John Simpson (Guest Speaker)
We have a system of monitoring language through our "reading programme" - the one Dr Minor was on in the 19th century (have you read the book?). That uncovers more new vocabulary than we could hope to enter into the dictionary - but much of it is very ephemeral . We "read" technical handbooks, scientific periodicals, popular magazines - on each subject. If we have amassed enough evidence - whether a term is technical or general - it can qualify for the OED.

Michael Power - South Africa
How is computer technology used in maintaining the OED? Has IT brought any insights into lexicography or does it just help with the drudgery?

John Simpson (Guest Speaker)
We edit online nowadays - and have done for around twelve years. The internet makes much more "text" available to us. But in some ways that's a problem. There's too much data (and not enough knowledge, as they say). In the old days, I might have been working with one hundred carefully selected examples of a word - whereas now at the press of a button you can have 10,000. What we badly need is clever software to do a first sweep of all this data. And that's something linguists and others have been working on for a while.

Bingley -- Indonesia
Any chance of the subscription for the online edition coming down in price a bit so that individual linguaphiles can afford it?

John Simpson (Guest Speaker)
We directed the online dictionary in the first instance towards subscribing institutions. We're part of Oxford University Press, and the "mission", if you like, is to make educational material as widely available as possible. And the best way to do that was through the traditional institutions such as public and university libraries. As for individual subs -- it would be good, wouldn't it? We'll all have to wait and see.

Anu Garg (Moderator)
The chat ends in ten minutes.

Elaine Meil - USA
During what historical period were the most words added?

John Simpson (Guest Speaker)
That's two questions: added to the language or added to the Dictionary? The former is the more interesting. Probably the greatest (relative) period of expansion was at the end of the sixteenth century. There's a big increase in the graph there. It keeps on going upwards after that, but not at such a significant pace until the late nineteenth and early twentieth century. And I think things are shifting quite fast today too.

DavidS - USA
I met a gentleman at a party who said he was "an" OED editor. True? I mean, do you have editors around the world?

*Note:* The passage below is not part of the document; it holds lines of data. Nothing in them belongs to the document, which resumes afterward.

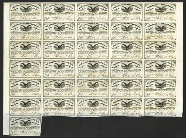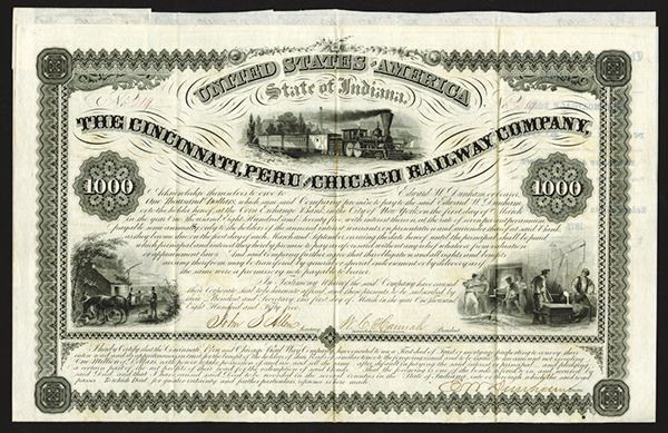 Indiana. $1000 I/U 7% Coupon Bond. Black print with an ornate border. Vignette of a locomotive at top of certificate. Men smelting metal on right and a farm scene at left. XF condition with 31 coupons remaining. Danforth, Wright, and Co. Printers.
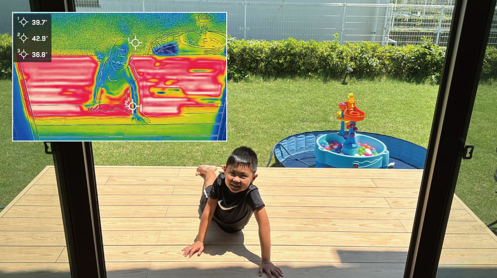 ※写真は夏35℃直射日光時、表面温度42℃で子供が裸足で外に出ることができる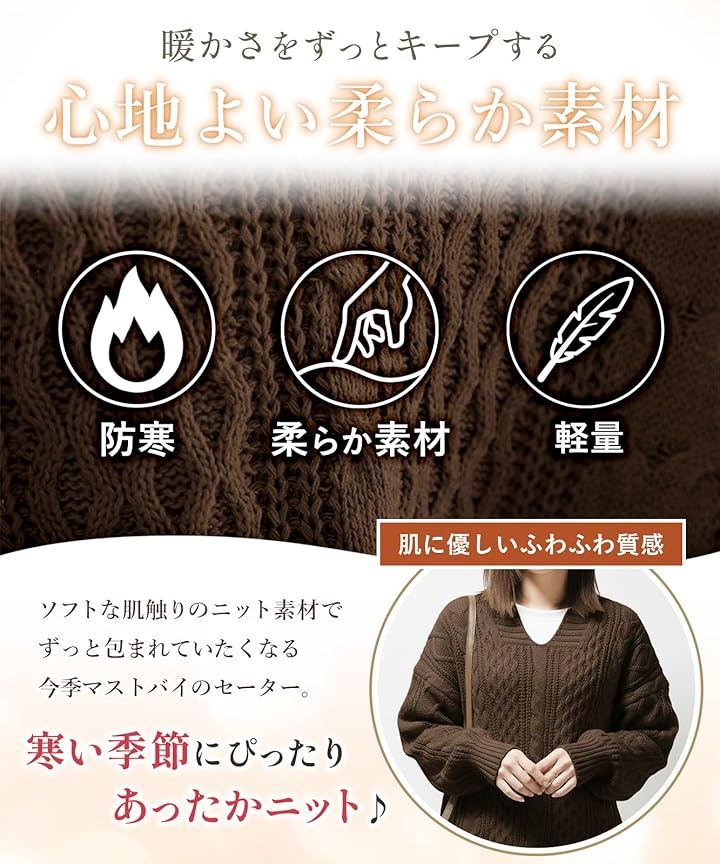 「今っぽシルエットで主役級のニットソー」大きめシルエットがトレンド感たっぷりのケーブル編みVネックニット。立体的な編み模様が存在感を放ち、シンプルなボトムに合わせるだけで一気におしゃれ上級者に。

John Simpson (Guest Speaker)
Maybe. But then doesn't everyone want to be an OED editor? Can you believe them? In fact, we have staff in the States, and related dictionary projects in Australia, South Africa, and elsewhere. So he may have been. Did you believe him?

Kathy Young - USA
What has been your most rewarding experience as Editor of the OED?

John Simpson (Guest Speaker)
I'd better not say participating in this chat room, had I? I think it was going online in March this year. At LAST the OED could correspond with its users in real time. In the old days, people would provide us with earlier examples, say, of words, and we couldn't add the information to the dictionary because of the treadmill of alphabetical print publication. Now at least the opportunity is there to work alongside collaborators rather than years behind them!

Laura Fargas - US
Do you have any sense that the OED itself has influenced the English language? Every writer I've ever known (meaning fiction writers and poets), me included, regards it as a staff of life. Has the presence of this great resource influenced the use or growth of the language in the past hundred years?

John Simpson (Guest Speaker)
I think the OED has given English (throughout the world) a self-confidence. Some people would say it didn't need it. So I think it's more the way it has maybe changed the perception of people about the language and its history than any changes it has caused itself. We do after all try to make sure we "monitor" language.

Anu Garg (Moderator)
That was the last question for today. Thank you, John Simpson, for inaugurating the chat feature in Wordsmith.org and thanks to everyone for joining in.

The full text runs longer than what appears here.